Material supplied Start Marker

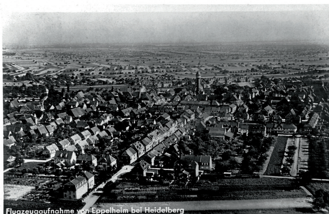
Flugzeugaufnahme von Eppelheim bei Heidelberg

Für verschiedene Zwecke anlässlich des Jubiläumsjahres 2020 sucht die Stadtverwaltung Bilder aus Eppelheim (Gebäude, Veranstaltungen, etc.) als Ergänzung zu den vorliegenden Archivbildern. Natürlich gerne auch die Geschichten hinter diesen Bildern. Vor allem aus den Jahren 1890 bis 1970. Die Bilder werden durch die Stadtverwaltung digitalisiert und der Eigentümerin/ dem Eigentümer zurückgeführt.
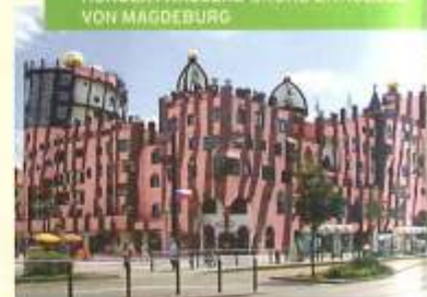
HUNDERTWASSERS GRÜNE ZITADELLE VON MAGDEBURG
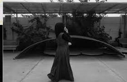
Մառնեուլիի Խանումա Չաիրա մադրասա
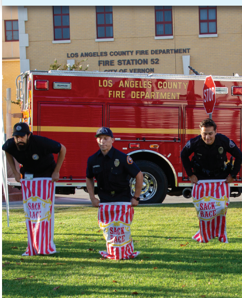
¡Los competidores de sacos de papas corren para ganar!
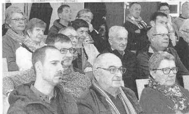
Les Brouziliens sont venus nombreux à la traditionnelle cérémonie des vœux.

Vœux : de nombreux projets pour l'année 2019
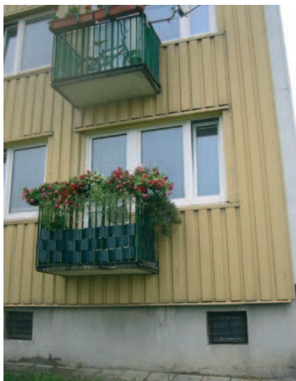
Fot. 6. Lublin, budynek wielkopłytowy, widok balkonu wspornikowego wg katalogu systemowego
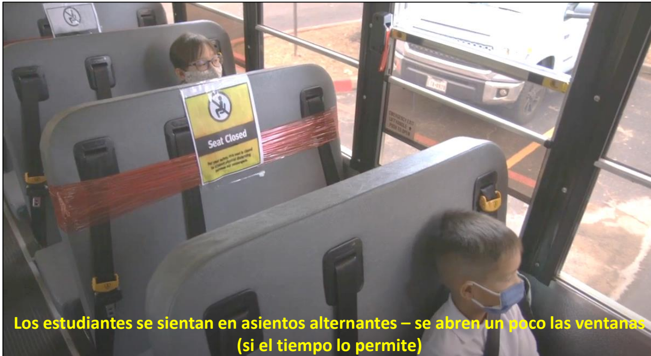
Los estudiantes se sientan en asientos alternantes – se abren un poco las ventanas (si el tiempo lo permite)
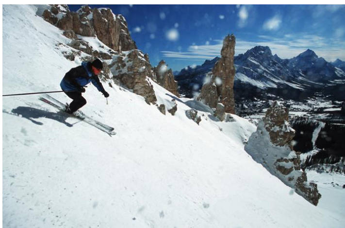
スキーのグレンデ
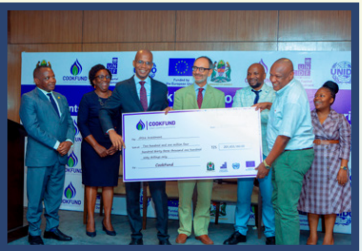
Waziri wa Nishati, Mhe. January Makamba akikabidhi hundi kwa baadhi ya wanufaika wa ruzuku ya Shilingi bilioni 3.21 iliyotolewa na Mfuko wa Nishati Safi ya Kupikia (CookFund) Tanzania kwa kampuni 16 zinazojishughulisha na utoaji wa huduma za uuzaji wa nishati safi ya kupikia nchini. Hafla hiyo ilifanyika mkoani Dar es Salaam.
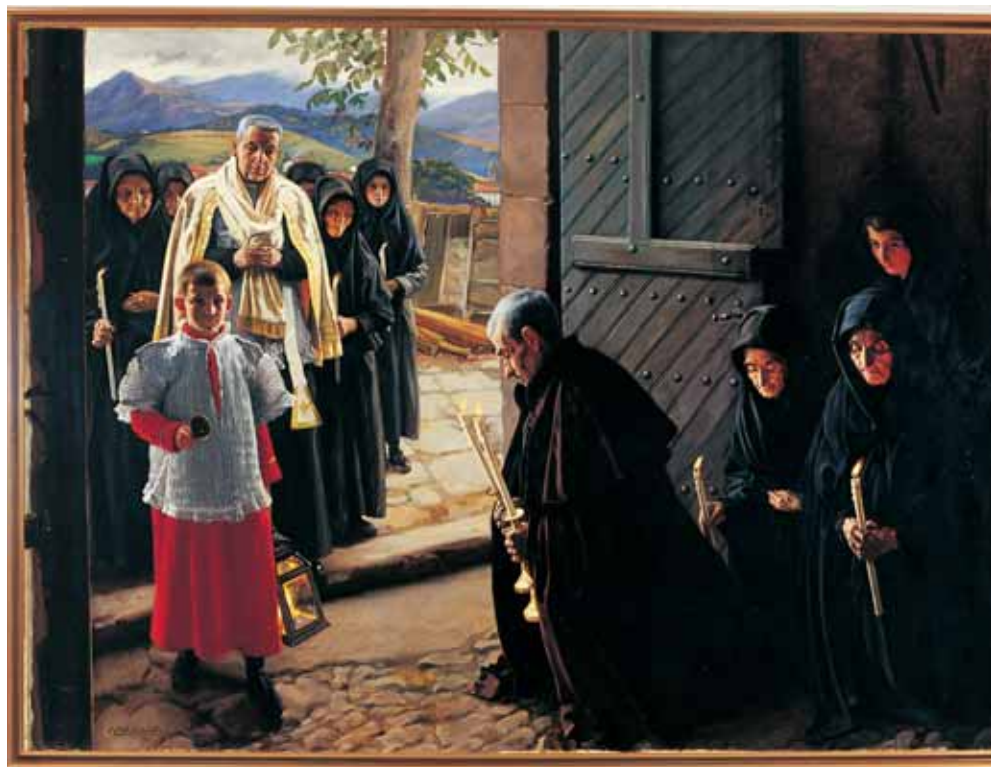
Un viático en la Montaña de Navarra, Baztán (1917).

En la evolución de su pintura se dan dos periodos separados por el año 1912, el de su llegada a París, donde su pintura se enriquece al contacto de las tendencias impresionista y postimpresionista.
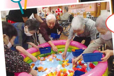
昔懐かし 金魚すくい
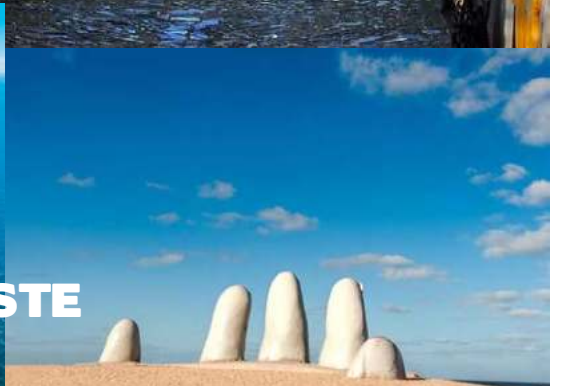
PUNTA DEL ESTE
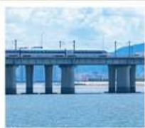
นั่งรถไฟใต้ดินข้ามทะเล

Material supplied End Marker

--- Activity ---
Read through the material above, and whenever a line contains "nombreux", copy it.

--- Answer box ---
Les Brouziliens sont venus nombreux à la traditionnelle cérémonie des vœux.
Vœux : de nombreux projets pour l'année 2019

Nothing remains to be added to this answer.